Roast Coffee & Tea comes by its name
honestly: The spacious shop's dining area is dominated by an enormous,
Turkish-made Garanti coffee roaster, which, when it's not being
operated, is cordoned off so that curious customers can't prod its
levers or probe its chambers. Owner Bill Closson and managing partner
Anthony Hubert roast beans three or four times a week, which means both
beans ground for coffee and beans bagged for sale (about $15 per
pound) are never more than a day or two out of the roaster.
"Plenty of coffee shops use beans that were roasted months ago," Closson said. "You can taste the difference."
When does Roast grind its freshly roasted beans? At the last possible minute. Hubert, a former Starbucks roaster who was living in Florida
when Closson recruited him, grinds the beans for Roast's traditional
drip coffee just before he makes a pot, the beans for the hand-pulled
espressos just before turning on the machine.

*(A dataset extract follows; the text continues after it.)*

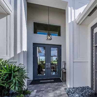 - A modern farmhouse outdoor flush mount pendant light by the LNC brand.
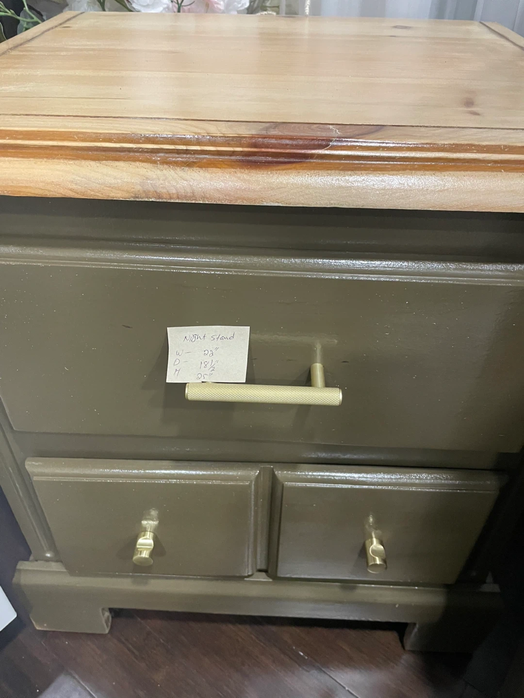 Here's a cute night stand that would look great in any bedroom! It features two drawers and has a wooden top. The dimensions are: - Width: 23 inches - Depth: 18.5 inches - Height: 27 inches

Hubert's favorite method
of brewing coffee is in a French-press, a glass carafe in which the
ground coffee and hot water are allowed to steep for a few minutes
before a plunger separates the two. "This method really lets you taste
the beans," Hubert said, sipping a cup of Hawaiian-grown Maui Typica, a fruity, medium-bodied coffee.
Closson, a full-time toxicologist as well as a coffee enthusiast,
has lived in Patchogue for 32 years and long dreamed of opening a place
where locals could gather over coffee, tea (Roast carries Manhasset-blended SerendipiTea) and sweets, including brownies, peanut-butter cups and "morning sunshine breakfast cookies" from Caffé Portofino in Northport.